(Supplied information Opens)

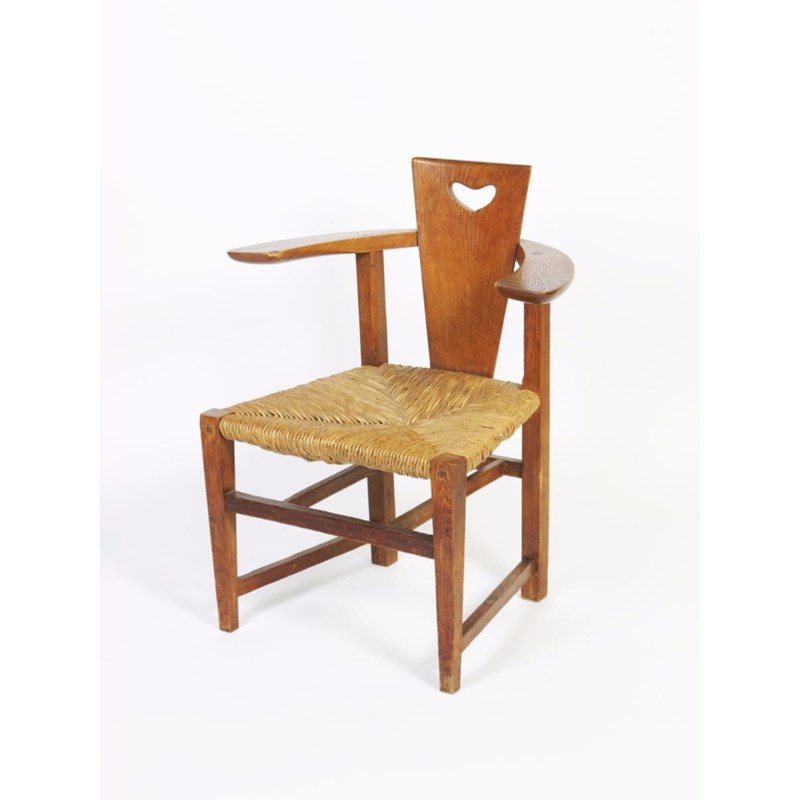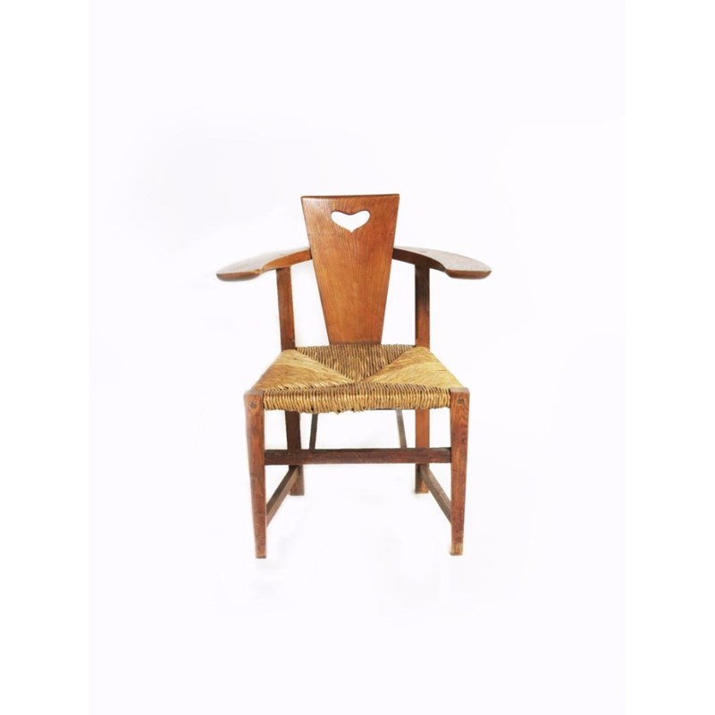 An oak Abingwood chair designed by George Walton, solid upright back with heart-shape cut out, wide sweeping arms, rush seat, 82cm. high.
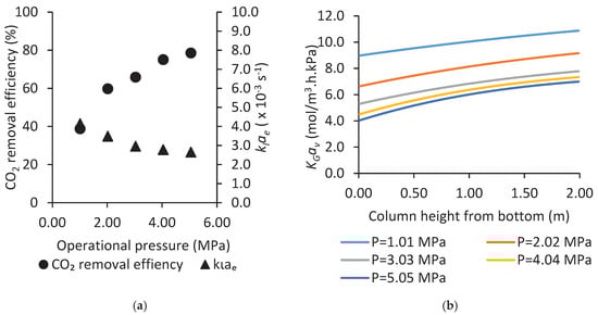 The plotted data in Figure 6a show that if the operational pressure rises from 1.01 MPa to 5.05 MPa, the CO2 removal efficiency is enhanced from 38.80% to 78.57%, while value slightly decreases from 1.01 MPa to 3.03 MPa and behaves constantly from 3.03 MPa to 5.05 MPa. With respect to similar CO2 concentration, an increase of operational pressure will directly increase CO2 partial pressure. Therefore, the trend of the plotted CO2 removal efficiency can be related to the two-film theory, where the mole fraction driving force for separation will increase with increasing CO2 partial pressure. Based on Figure 6a, it is perceived that is slightly lower at the higher operational pressures. This may cause by the restricted diffusion between CO2 in gas phase and amount of reactive PCGLY in the liquid phase.
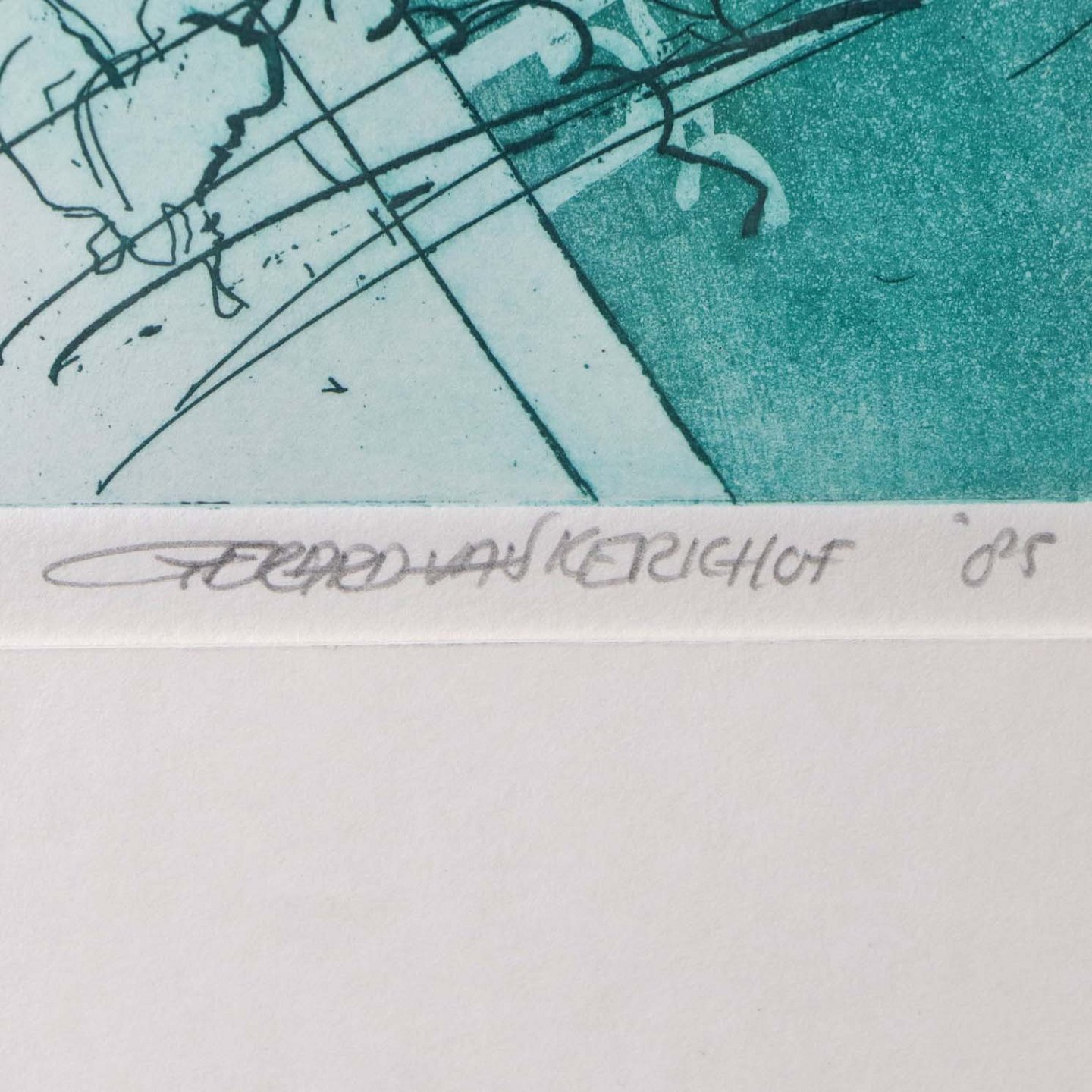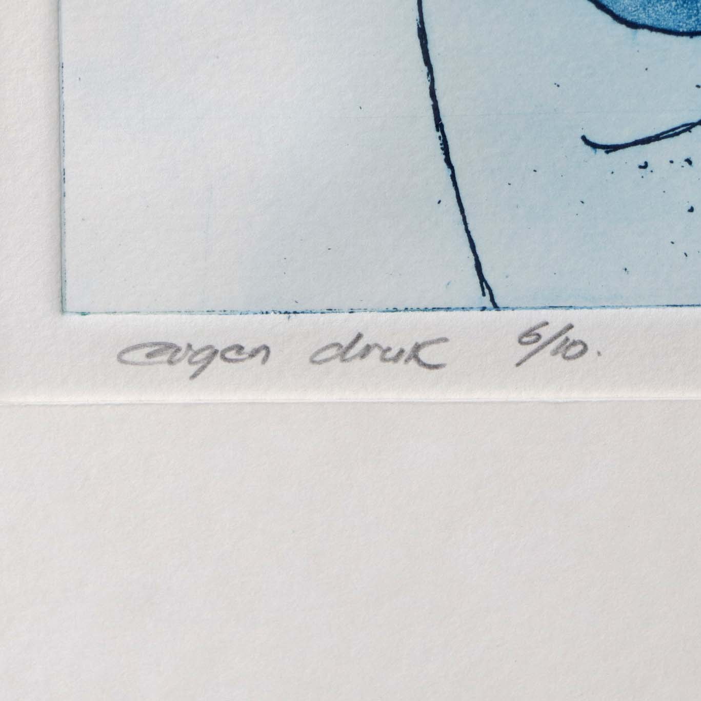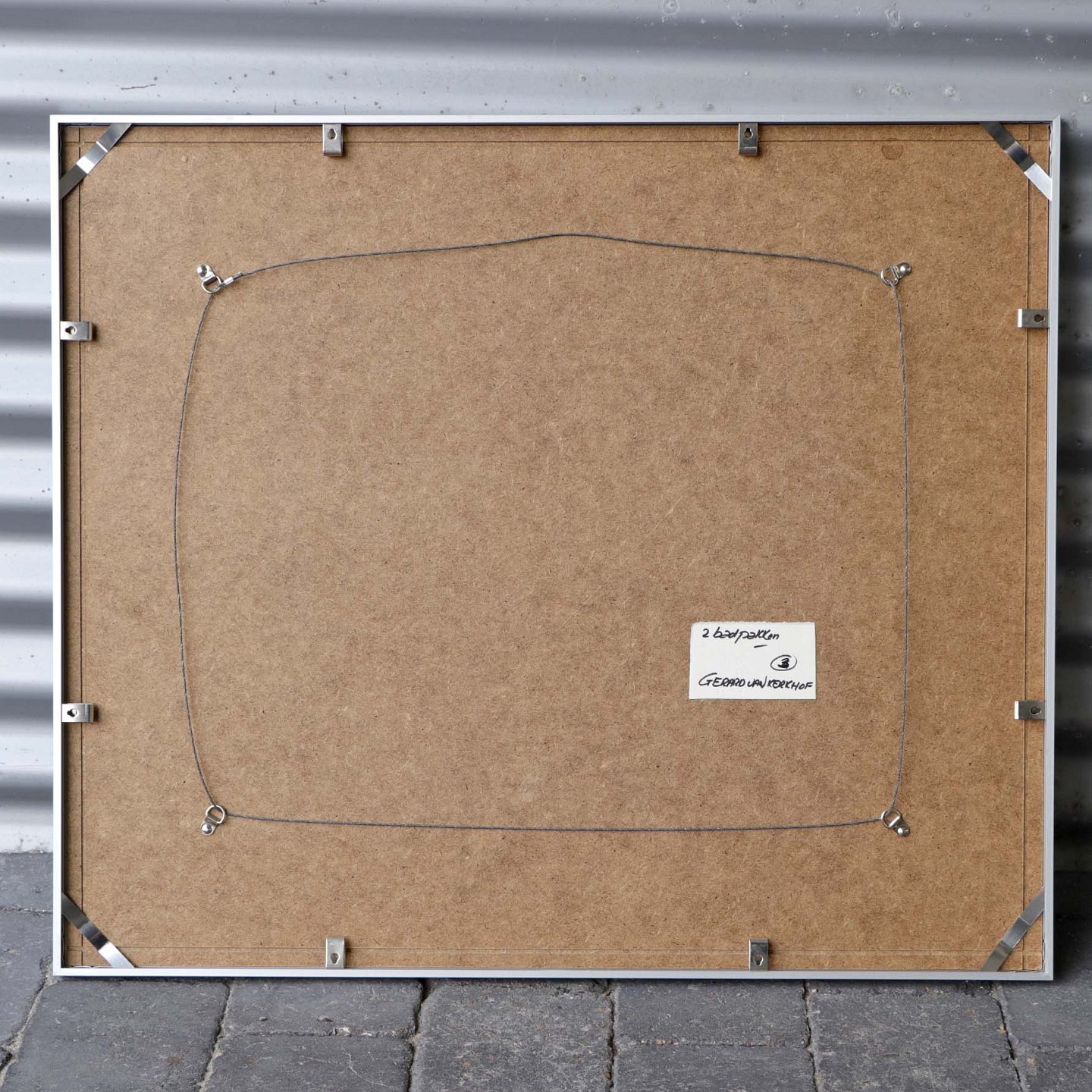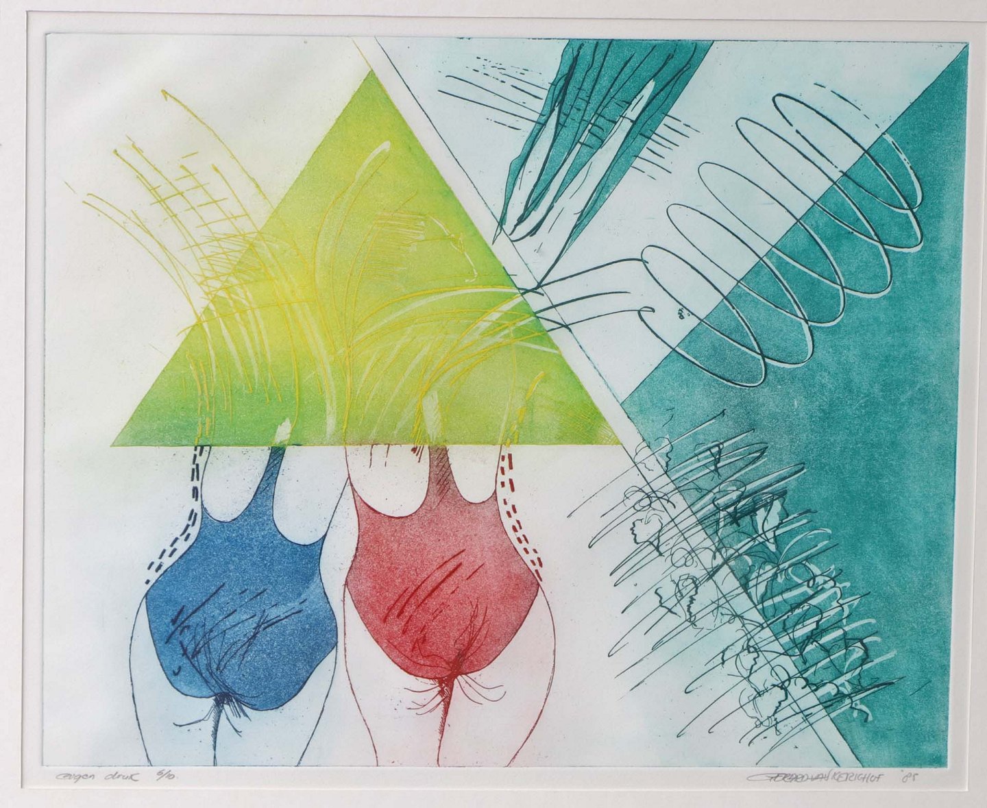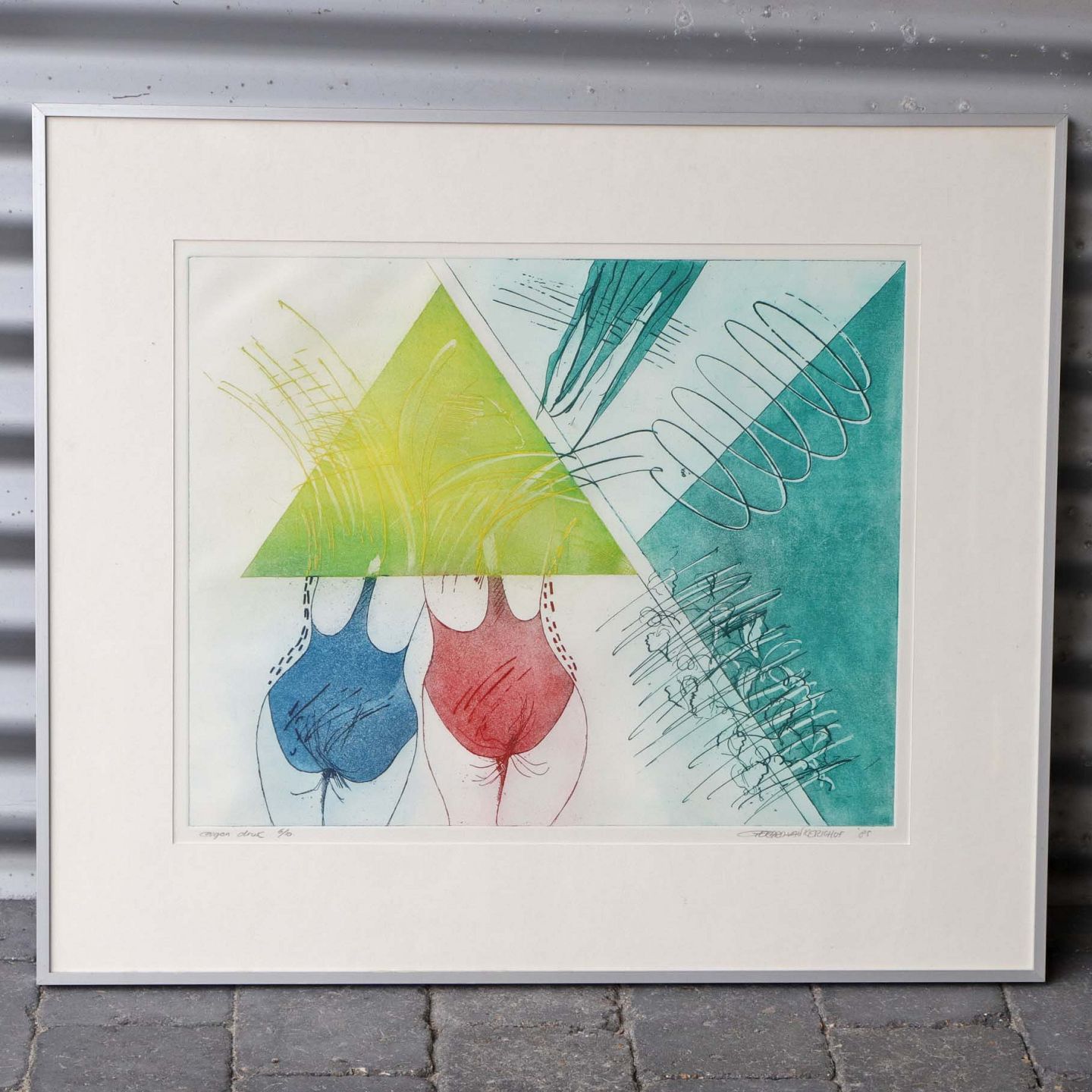 Indrammet litografi med passpartout i grå aluminium ramme med motiv af to kvinder i badedragt. Dateret 1985. Nr. 6 ud af 10 eksemplare.

(Supplied information Closes)

▸ Problem to solve: Restate the data above exactly, stripping out each image.

▸ Answer box:
 An oak Abingwood chair designed by George Walton, solid upright back with heart-shape cut out, wide sweeping arms, rush seat, 82cm. high.
 The plotted data in Figure 6a show that if the operational pressure rises from 1.01 MPa to 5.05 MPa, the CO2 removal efficiency is enhanced from 38.80% to 78.57%, while value slightly decreases from 1.01 MPa to 3.03 MPa and behaves constantly from 3.03 MPa to 5.05 MPa. With respect to similar CO2 concentration, an increase of operational pressure will directly increase CO2 partial pressure. Therefore, the trend of the plotted CO2 removal efficiency can be related to the two-film theory, where the mole fraction driving force for separation will increase with increasing CO2 partial pressure. Based on Figure 6a, it is perceived that is slightly lower at the higher operational pressures. This may cause by the restricted diffusion between CO2 in gas phase and amount of reactive PCGLY in the liquid phase.
 Indrammet litografi med passpartout i grå aluminium ramme med motiv af to kvinder i badedragt. Dateret 1985. Nr. 6 ud af 10 eksemplare.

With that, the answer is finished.